文•斯內普•森特再一次來到博克先生的小山洞。
大可愛們還在攢毒液,今天他是來賣魔藥的。
防火藥劑、歡欣劑、縮身藥劑、活力滋補劑等,全都是大師級的完美作品。
別說埃比尼澤有討好的意思,就算沒有都沒臉壓低價格。
一共13瓶,總價值600加隆。
溢價是肯定有的,可這回報率也太高了。
文森特隨意收好錢袋子,打消掉靠魔藥發家致富的想法。
斯內普在成為魔藥大師之前,所消耗的材料恐怕是一個天文數字。
煉金術失敗還能回爐重造,魔藥失敗連挽回的機會都沒有。
「尊貴的客人,您是不是對價格——」
「沒有。」他輕抖神上的黑袍子,干脆利落地轉身朝外面走去。
埃比尼澤咬咬牙,小跑追了上去,「請留步。」
文森特帶著疑惑停下來。
按照最初的設想,至少都得交易個四五趟的。
他側身冷眼望過去。
「非常抱歉——」埃比尼澤搓著小短手,滿臉親熱地湊上前,
「最近巫師牌形勢一片大好,可我總覺得里面有古怪。
您——您千萬別誤會,我不是來打探消息的!
我只是想知道它是不是騙局,當然了,您會獲得我最真摯的友誼。
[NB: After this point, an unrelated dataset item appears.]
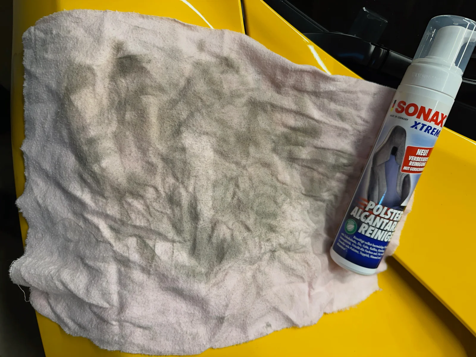 After seeing this thread I thought I would nip in the garage and try the Sonax Alcantara/Upholstery cleaner i got for the Emira wheel cleaning.

」
他從戒指里拿出一個跟上次大小相同的錢袋子。
「 ——」文森特冷笑著轉過身。
巫師牌明擺著就是騙局,老練的黑市商人不可能看不出來。
沒猜錯的話,這也是一次試探。
試探他清不清楚內幕,試探他是不是貪婪的人。
「尊貴的客人,您——」
「博克先生,我有無數種合法掙得巨額財富的辦法,你太看得起你自己了。」
埃比尼澤眼冒精光,滿是歉意地退到一旁。
漆黑的斗篷底下,是文森特充滿詭異的笑容。
可以走合法渠道,又為什麼要走黑市渠道呢?
缺錢?
保密?
霍格沃茨的院長為什麼缺錢,又為什麼需要保密呢?
……
……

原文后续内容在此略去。